> [Supplied data]:
== Segment start ==
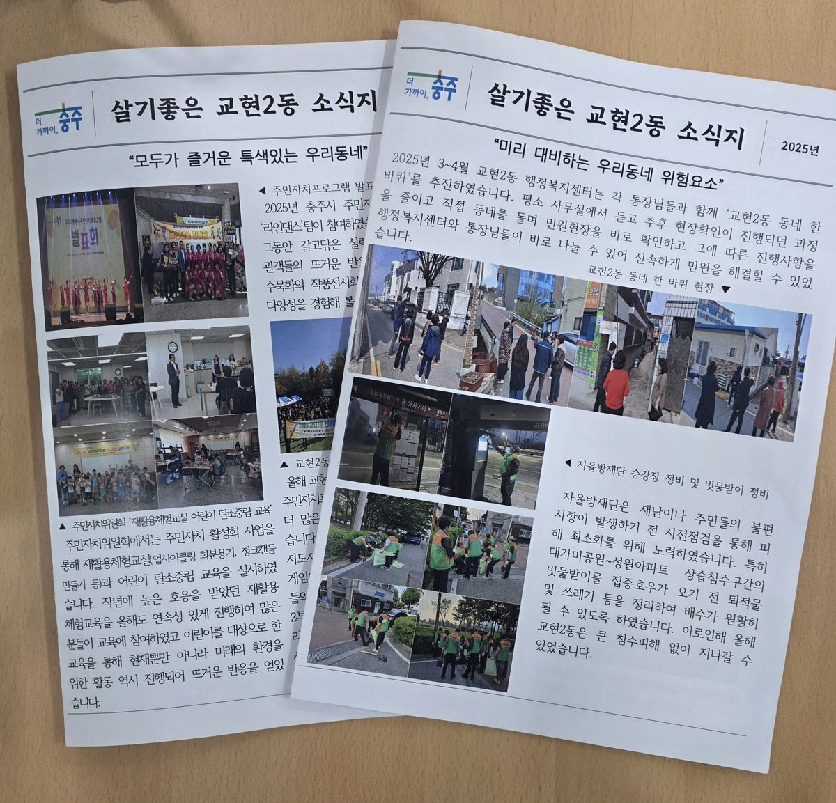 이번 소식지는 총 300여 부수를 발행해 교현2동행정복지센터와 지역 경로당 등에 비치하고 지역 주민, 직능단체 등을 통해서도 배포할 예정이다.
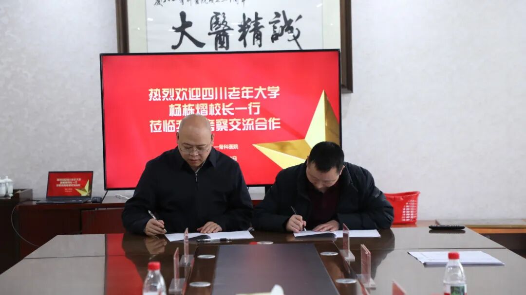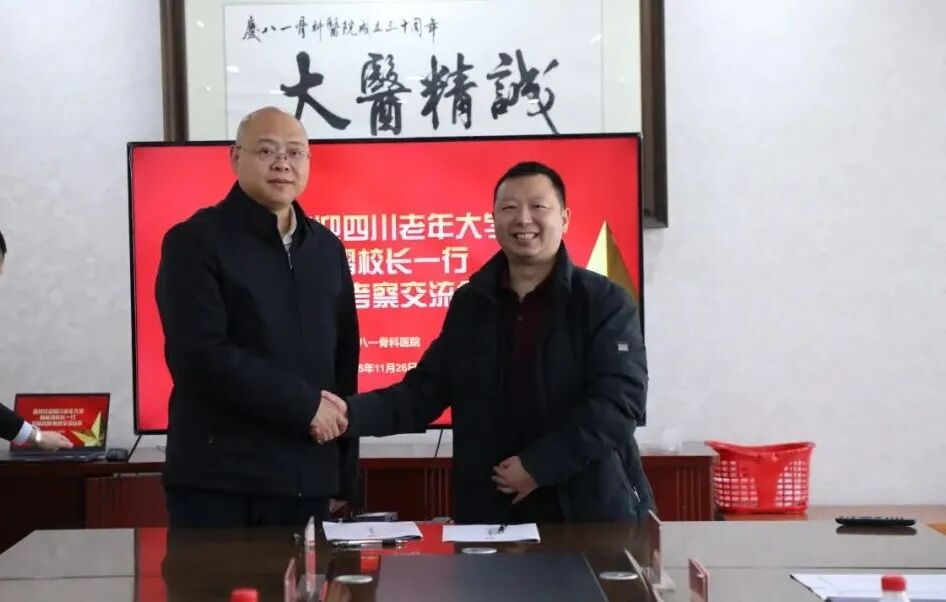11月26日,四川老年大学校长杨栋熠率党建部、教学部、宣传部等部门负责人莅临成都八一骨科医院,开展实地考察与调研,并举行合作座谈会。双方围绕“健康中国”战略,聚焦服务银龄群体、弘扬中医药文化,就课程共建、公益义诊、健康讲座等多个方面展开深入交流,共同探索“医养结合、文化养老”的创新路径,为提升老年人健康生活品质注入新活力。 在院党委书记贺前松的陪同下,杨栋熠校长一行参观了位于医院11楼的院史馆。贺前松详细介绍了医院从体工大队卫生所逐步成长为百姓信赖的三甲医院的奋斗历程,以及四川何氏骨科作为全国中医学术流派,为中医药传承与发展所作出的贡献。 副院长唐亚琪主持座谈会医院党办、老年病科、非遗办、事业发展部等部门参与交流。贺前松书记对四川老年大学一行表示热烈欢迎。他指出,当前老年人的健康需求已从传统疾病治疗扩展至康养、预防与健康误区纠正。成都八一骨科医院将充分发挥非遗传承优势,将专业、规范的中医知识与技术融入教学,以视频演示与现场实操相结合的方式,让老年学员“看得懂、学得会、用得上”,真正实现从“治已病”到“治未病”的转变,打造实用、精准的健康课程体系,服务老年群体。 杨栋熠校长高度赞同,他强调,合作应立足老年人实际需求,创新服务模式,例如开展骨与健康、慢病康复等主题公益讲座,组织义诊提供一对一咨询,设置中医理疗体验环节,并结合四季节气设计教学内容——如春季疏肝、夏季祛湿、秋季润燥、冬季温补,让健康管理融入日常生活,实现“因时施教、学以致用”。 在课程内容设计方面,老年病科(骨四科)主任严致远与教学部部长辛亚平深入交换意见。双方计划围绕骨质疏松、骨关节炎等常见老年骨病开设系列课程,既讲授骨骼保健原理,也传授康复实操技巧;从中医理论入门,结合穴位养生、八段锦等实践,引导老年人认识并信赖中医药;推广“药食同源”理念,研发实用药膳,让健康从日常饮食开始。 活动现场,成都八一骨科医院正式成为四川老年大学“定点医疗保障单位”,双方还签署了支部共建协议,为后续深入合作奠定坚实基础。 此次合作是双方深入落实"健康中国"战略与"十五五"时期实施健康优先发展战略的具体实践。贺前松书记与唐亚琪副院长表示,医院将依托融通医疗平台,整合中西医优质资源,不仅推进“中医药文化进校园”,更推动专业服务下沉老年群体。授课医生将提前调研,真实了解长者需求,以最高水平做好健康服务保障。双方对合作寄予厚望,认为此举将极大丰富学校课程内容,为学员带来实用、前沿的健康知识,是提升老年人生活品质的重要举措。 老吾老以及人之老,我们义不容辞。成都八一骨科医院与四川老年大学的此次携手,不仅是机构间的合作,更是弘扬敬老美德、推动中医药创新、助力“健康中国”的生动实践。未来,双方将持续深化沟通,稳步推进合作项目,共同守护蜀地长者的骨骼健康与晚年幸福。
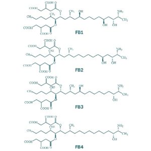 Las fumonisinas presentan una estructura molecular similar a la de una cadena lipídica. Existen cuatro tipos de fumonisinas, diferenciadas entre ellas por la presencia de grupos alcohol en las posiciones 5 y 10 de la cadena. Dentro de este grupo la fumonisina B1 (FB1) es la que genera una mayor toxicidad. Además, este tipo de micotoxinas presentan ramificaciones mediante ésteres en los carbonos de posición 14 y 15.
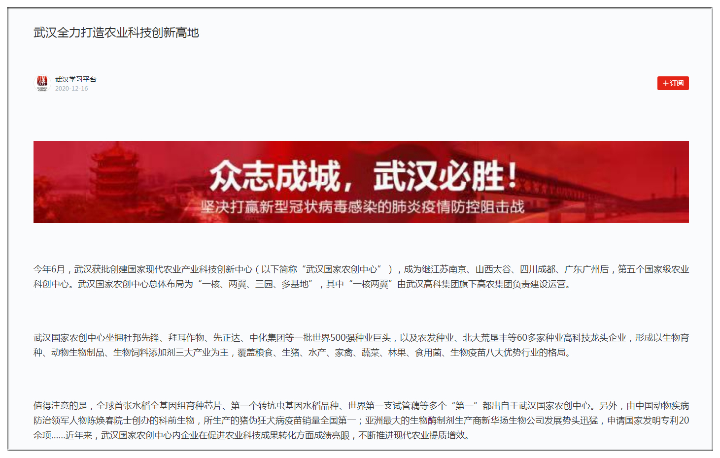 學(xué)習(xí)強國:武漢全力打造農(nóng)業(yè)科技創(chuàng)新高地
== Segment end ==
> [Exercise instructions]:
Excluding pictures, reproduce the listing above exactly as it stands.

> [Exercise output]:
 이번 소식지는 총 300여 부수를 발행해 교현2동행정복지센터와 지역 경로당 등에 비치하고 지역 주민, 직능단체 등을 통해서도 배포할 예정이다.
11月26日,四川老年大学校长杨栋熠率党建部、教学部、宣传部等部门负责人莅临成都八一骨科医院,开展实地考察与调研,并举行合作座谈会。双方围绕“健康中国”战略,聚焦服务银龄群体、弘扬中医药文化,就课程共建、公益义诊、健康讲座等多个方面展开深入交流,共同探索“医养结合、文化养老”的创新路径,为提升老年人健康生活品质注入新活力。 在院党委书记贺前松的陪同下,杨栋熠校长一行参观了位于医院11楼的院史馆。贺前松详细介绍了医院从体工大队卫生所逐步成长为百姓信赖的三甲医院的奋斗历程,以及四川何氏骨科作为全国中医学术流派,为中医药传承与发展所作出的贡献。 副院长唐亚琪主持座谈会医院党办、老年病科、非遗办、事业发展部等部门参与交流。贺前松书记对四川老年大学一行表示热烈欢迎。他指出,当前老年人的健康需求已从传统疾病治疗扩展至康养、预防与健康误区纠正。成都八一骨科医院将充分发挥非遗传承优势,将专业、规范的中医知识与技术融入教学,以视频演示与现场实操相结合的方式,让老年学员“看得懂、学得会、用得上”,真正实现从“治已病”到“治未病”的转变,打造实用、精准的健康课程体系,服务老年群体。 杨栋熠校长高度赞同,他强调,合作应立足老年人实际需求,创新服务模式,例如开展骨与健康、慢病康复等主题公益讲座,组织义诊提供一对一咨询,设置中医理疗体验环节,并结合四季节气设计教学内容——如春季疏肝、夏季祛湿、秋季润燥、冬季温补,让健康管理融入日常生活,实现“因时施教、学以致用”。 在课程内容设计方面,老年病科(骨四科)主任严致远与教学部部长辛亚平深入交换意见。双方计划围绕骨质疏松、骨关节炎等常见老年骨病开设系列课程,既讲授骨骼保健原理,也传授康复实操技巧;从中医理论入门,结合穴位养生、八段锦等实践,引导老年人认识并信赖中医药;推广“药食同源”理念,研发实用药膳,让健康从日常饮食开始。 活动现场,成都八一骨科医院正式成为四川老年大学“定点医疗保障单位”,双方还签署了支部共建协议,为后续深入合作奠定坚实基础。 此次合作是双方深入落实"健康中国"战略与"十五五"时期实施健康优先发展战略的具体实践。贺前松书记与唐亚琪副院长表示,医院将依托融通医疗平台,整合中西医优质资源,不仅推进“中医药文化进校园”,更推动专业服务下沉老年群体。授课医生将提前调研,真实了解长者需求,以最高水平做好健康服务保障。双方对合作寄予厚望,认为此举将极大丰富学校课程内容,为学员带来实用、前沿的健康知识,是提升老年人生活品质的重要举措。 老吾老以及人之老,我们义不容辞。成都八一骨科医院与四川老年大学的此次携手,不仅是机构间的合作,更是弘扬敬老美德、推动中医药创新、助力“健康中国”的生动实践。未来,双方将持续深化沟通,稳步推进合作项目,共同守护蜀地长者的骨骼健康与晚年幸福。
 Las fumonisinas presentan una estructura molecular similar a la de una cadena lipídica. Existen cuatro tipos de fumonisinas, diferenciadas entre ellas por la presencia de grupos alcohol en las posiciones 5 y 10 de la cadena. Dentro de este grupo la fumonisina B1 (FB1) es la que genera una mayor toxicidad. Además, este tipo de micotoxinas presentan ramificaciones mediante ésteres en los carbonos de posición 14 y 15.
 學(xué)習(xí)強國:武漢全力打造農(nóng)業(yè)科技創(chuàng)新高地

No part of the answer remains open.